• [Description of the task]
In the entries that follow, find the line containing "Vamos a la pestaña"; from there, copy every line exactly through the line containing "This Intent sleeps".
───── Source data
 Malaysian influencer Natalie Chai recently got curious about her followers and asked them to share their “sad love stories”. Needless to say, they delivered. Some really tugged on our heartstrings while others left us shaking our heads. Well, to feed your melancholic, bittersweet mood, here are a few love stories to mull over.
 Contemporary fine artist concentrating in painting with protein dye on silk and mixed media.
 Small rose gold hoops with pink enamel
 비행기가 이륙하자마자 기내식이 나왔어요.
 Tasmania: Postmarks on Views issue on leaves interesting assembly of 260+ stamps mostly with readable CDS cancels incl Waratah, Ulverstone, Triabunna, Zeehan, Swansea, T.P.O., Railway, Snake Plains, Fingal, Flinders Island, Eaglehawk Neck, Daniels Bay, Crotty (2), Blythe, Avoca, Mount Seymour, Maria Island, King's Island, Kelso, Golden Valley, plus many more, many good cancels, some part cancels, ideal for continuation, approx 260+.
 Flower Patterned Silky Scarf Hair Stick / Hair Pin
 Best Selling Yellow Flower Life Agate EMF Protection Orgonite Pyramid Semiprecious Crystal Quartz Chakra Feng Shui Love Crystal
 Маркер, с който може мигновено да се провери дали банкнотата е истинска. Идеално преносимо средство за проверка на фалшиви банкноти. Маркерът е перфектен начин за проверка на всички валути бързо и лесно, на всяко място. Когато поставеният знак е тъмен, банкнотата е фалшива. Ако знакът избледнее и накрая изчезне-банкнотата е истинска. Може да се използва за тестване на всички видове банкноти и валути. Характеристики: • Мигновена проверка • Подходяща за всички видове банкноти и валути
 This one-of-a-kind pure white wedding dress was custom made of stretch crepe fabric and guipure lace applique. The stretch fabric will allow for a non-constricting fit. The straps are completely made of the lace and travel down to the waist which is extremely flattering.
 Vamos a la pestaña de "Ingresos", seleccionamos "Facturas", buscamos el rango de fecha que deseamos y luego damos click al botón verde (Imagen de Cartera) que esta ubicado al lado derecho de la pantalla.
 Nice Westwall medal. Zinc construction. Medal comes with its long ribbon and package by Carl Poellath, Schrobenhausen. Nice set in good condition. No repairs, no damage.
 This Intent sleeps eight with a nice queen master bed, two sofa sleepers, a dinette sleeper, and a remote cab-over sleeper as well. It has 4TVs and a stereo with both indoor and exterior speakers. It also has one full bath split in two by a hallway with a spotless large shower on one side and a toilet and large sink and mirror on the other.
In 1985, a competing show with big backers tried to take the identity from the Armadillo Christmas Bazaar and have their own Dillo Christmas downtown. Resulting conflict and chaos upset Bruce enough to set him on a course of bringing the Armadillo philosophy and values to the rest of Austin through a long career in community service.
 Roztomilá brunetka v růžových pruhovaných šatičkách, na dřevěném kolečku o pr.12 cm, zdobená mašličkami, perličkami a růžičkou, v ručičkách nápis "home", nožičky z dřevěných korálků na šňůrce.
──────────
• [Result for this exercise]
 Vamos a la pestaña de "Ingresos", seleccionamos "Facturas", buscamos el rango de fecha que deseamos y luego damos click al botón verde (Imagen de Cartera) que esta ubicado al lado derecho de la pantalla.
 Nice Westwall medal. Zinc construction. Medal comes with its long ribbon and package by Carl Poellath, Schrobenhausen. Nice set in good condition. No repairs, no damage.
 This Intent sleeps eight with a nice queen master bed, two sofa sleepers, a dinette sleeper, and a remote cab-over sleeper as well. It has 4TVs and a stereo with both indoor and exterior speakers. It also has one full bath split in two by a hallway with a spotless large shower on one side and a toilet and large sink and mirror on the other.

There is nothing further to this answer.